Bum, thanks for the critique and the advice.
Just goes to show how inexperienced I am at trading. I knew XLE was in a downtrend, but thought that the risk/reward was in my favor. My thinking was that if XLE could break through and hold above the 20-day MA, it might go even higher. This was intended to be a short-term trade, with stops being continuously moved up as warranted. Obviously it was a mistake. Lesson learned. Hope not to repeat the mistake.
Now a question. Once it became obvious today that a downtrend was in place on volume, should I have sold rather than have lamely watched XLE go through my stop?
A couple bits of information. I am primarily an energy and MREIT investor. Currently 100% cash, waiting on the energy sector to turn. Probably won’t be back into the MREIT sector for a long time.
My primary focus must necessarily be longer term than many here. I am managing 14 accounts, inclusive of those of my adult children, and it is impractical for me to attempt short-term trades in all of those accounts.
What appears to be a better plan is to capture the heart of major moves such as the one that occurred in the O&G sector from early January to early March.
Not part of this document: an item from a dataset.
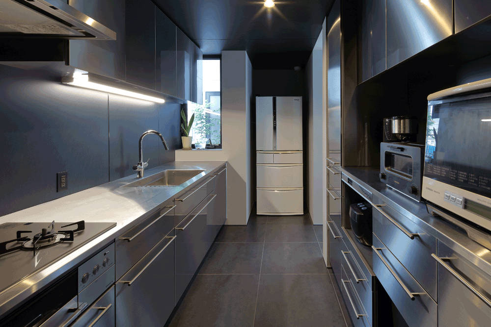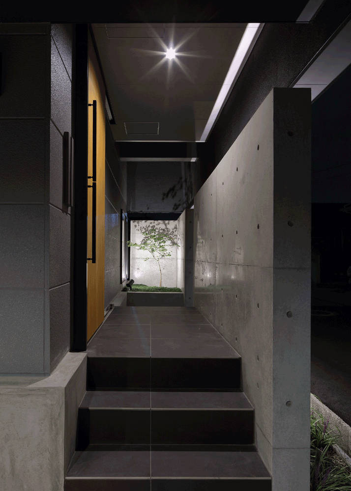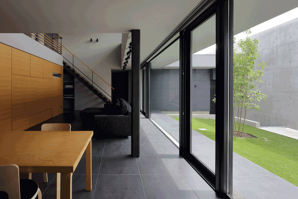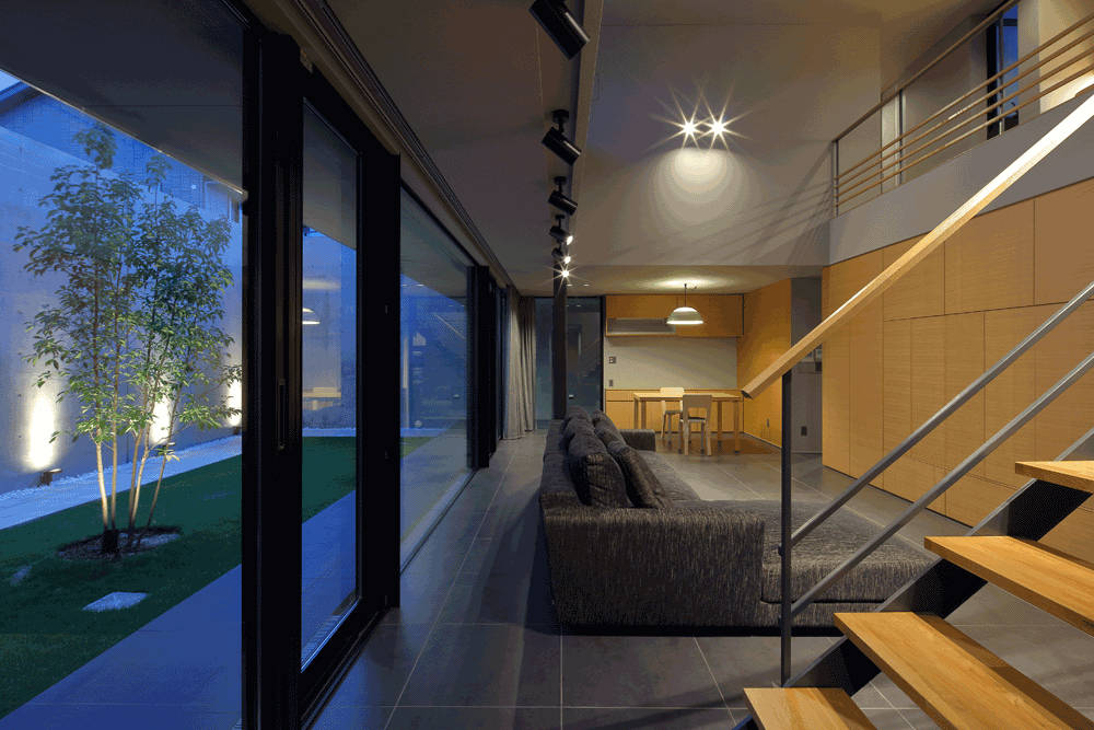 L型プランの鉄骨造住宅と、高さ4.6mのコンクリート造の塀を組み合わせ中庭を作りました。リビングダイニングからテラスへと続く段差のない床と、大型ガラスサッシにより、内部と外部がつながり広い空間を感じます。「ミニマルスマート」のタイルが、コンクリート打ち放しや、木材の素地仕上げと調和し、落ち着いた趣を醸し出しています。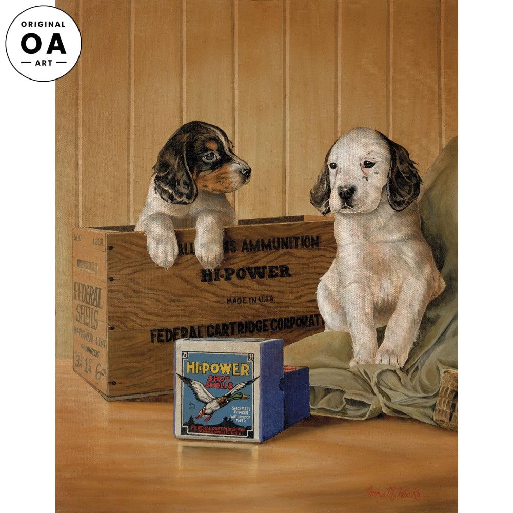 Original acrylic painting of two puppies sitting beside an old ammunition box and a smaller box of shot shells.

I don’t intend to buy until the technical indicators are aligned, and don’t feel it necessary to squeeze the last drop of profit out of a run.
I would appreciate very much any comments you might have regarding this strategy, which MA’s and technical indicators I should focus on the most, assuming the plan makes sense, and where I should attempt entries and exits. Would also appreciate advice on alternate strategies.
BTW, what is a Stage 3 uptrend, such as you describe the last run up in the O&G sector? Can’t find a definition at StockCharts.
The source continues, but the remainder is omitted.